Dikutip dari paddleyourownkanoo.com, menurut sebuah sumber, pramugari Qatar Airways mulai menjalani penerbangan tanpa layover dan tanpa pergantian kru alias melakukan penerbangan PP non-stop pada penerbangan 18 jam dari Doha-Manila-Doha.
Beruntung, otoritas Qatar masih mengizinkan pramugari untuk mendapatkan haknya berupa periode ‘horisontal’ dimana mereka diperbolehkan istirahat di pesawat lengkap dengan kasur dan selimut –biasanya hanya ada di pesawat widebody seperti Boeing 777, A350, A380, B747- sekitar lima jam. Dengan begitu, pramugari diharapkan tetap bisa mencapai kondisi prima sekalipun hanya istirahat selama lima jam di dalam pesawat. Bila ditotal, dalam kasus tersebut, pramugari bekerja selama 23 jam.
Baca juga: Imbas Penerbangan Sepi, Bagaimana dengan Gaya Hidup Glamor Pramugari?
Kebijakan FTL yang diberlakukan oleh negara-negara teluk seperti Qatar bisa dibilang cenderung berbeda dengan negara-negara Eropa. Pada umumnya, mereka (negara-negara Eropa) lebih memilih menerbangkan ‘paket’ lengkap berupa pilot dan awak kabin untuk bertugas pada penerbangan kembali ke negara asal ketimbang menjalani kebijakan FTL ala Qatar.
Terlepas dari penyesuaian kebijakan FTL yang dinilai kontroversial, Qatar, dibandingkan maskapai lain di dunia, memang dikenal menerapkan kebijakan ketat untuk menangkal paparan corona di pesawat.
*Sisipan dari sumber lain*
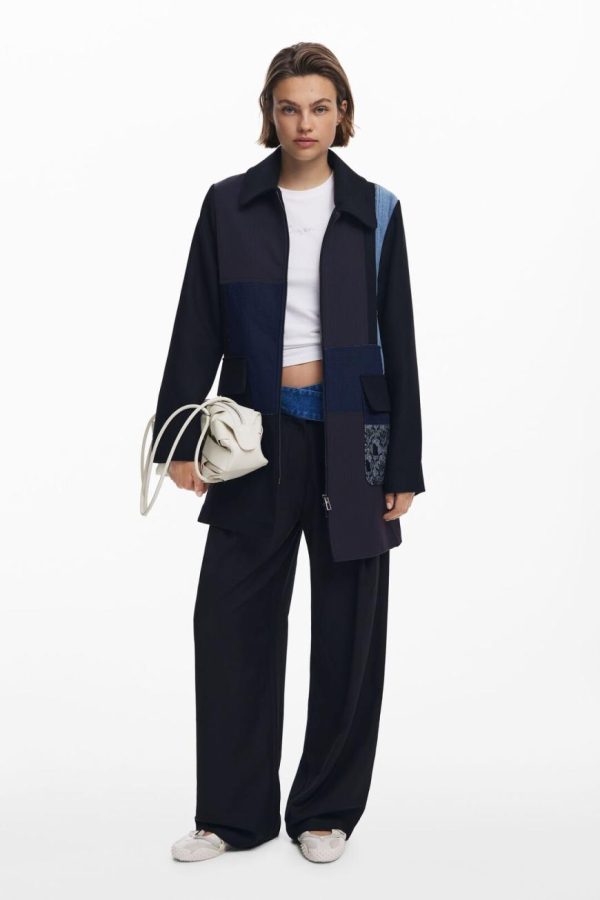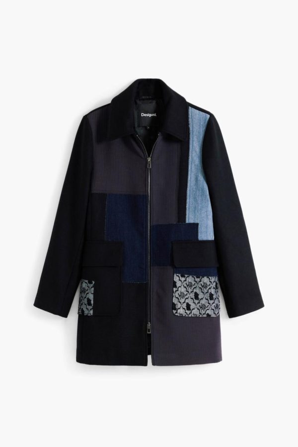 Short straight-cut coat with front pockets, zipper closure, shirt collar in patchwork of different prints and fabrics.

Sejak akhir Mei lalu, Qatar Airways diketahui mulai mengikuti jejak maskapai berbiaya rendah (LCC) asal Malaysia, AirAsia, yang mana semua awak kabinnya menggunakan hazmat untuk melindungi awak kabin dan penumpang. Selain hazmat, awak kabin juga dilengkapi dengan alat pelindung diri (APD) lainnya seperti kacamata, sarung tangan, dan masker.